Poster
Understanding Optimization in Deep Learning with Central Flows
Jeremy Cohen · Alex Damian · Ameet Talwalkar · Zico Kolter · Jason Lee
Hall 3 + Hall 2B #624
Optimization in deep learning remains poorly understood. A key difficulty is that optimizers exhibit complex oscillatory dynamics, referred to as "edge of stability," which cannot be captured by traditional optimization theory. In this paper, we show that the path taken by an oscillatory optimizer can often be captured by a central flow: a differential equation which directly models the time-averaged (i.e. smoothed) optimization trajectory.

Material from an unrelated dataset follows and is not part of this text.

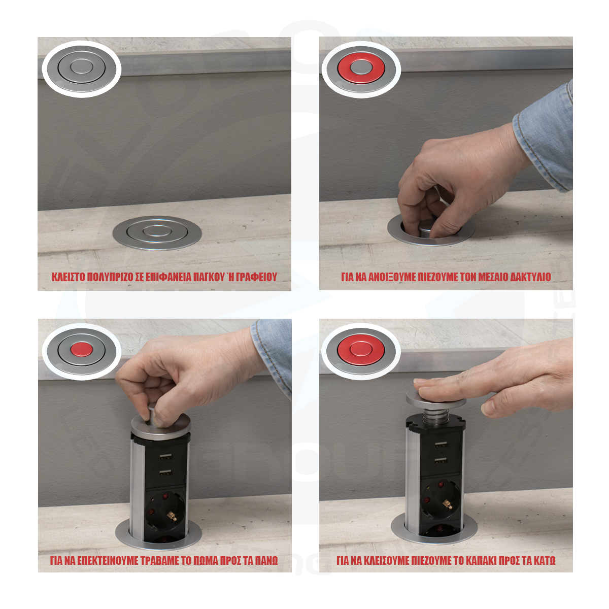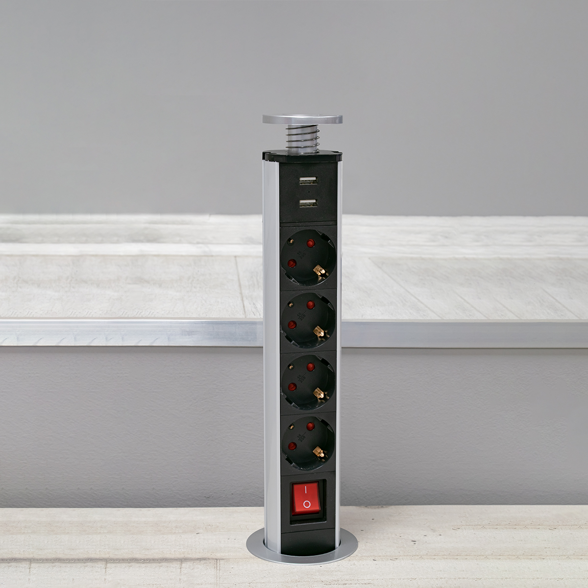 GloboStar® 79631 Χωνευτό Πτυσσόμενο Πολύμπριζο με 4 Πρίζες Ασφαλείας EU Σούκο AC 230V Max 4000W & 2 Εξόδους USB DC 5V Max 3A 18W & Ενσωματωμένο Διακόπτη Οn/Off
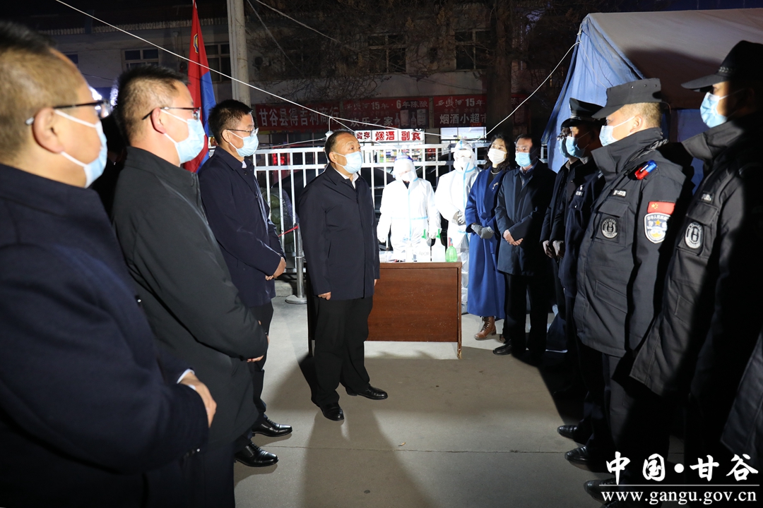 新天水讯 据甘谷县融媒体中心消息 12月29日晚,甘谷县委书记吴健,县委副书记、县长孙忠平督查疫情防控工作,看望慰问坚守岗位的一线值守人员,强调要强化底线思维和忧患意识,保持高度警惕,以严而又严、细而又细、实而又实的作风,全力以赴外防输入,集中精力守好防线,保障人民群众生命安全和身体健康。县委常委、政法委书记杜兴,副县长张涛、刘强、金辉一同督查。

We empirically show that these central flows can predict long-term optimization trajectories for generic neural networks with a high degree of numerical accuracy. By interpreting these flows, we are able to understand how gradient descent makes progress even as the loss sometimes goes up; how adaptive optimizers adapt'' to the local loss landscape; and how adaptive optimizers implicitly seek out regions of weight space where they can take larger steps. These insights (and others) are not apparent from the optimizers' update rules, but are revealed by the central flows. Therefore, we believe that central flows constitute a promising tool for reasoning about optimization in deep learning.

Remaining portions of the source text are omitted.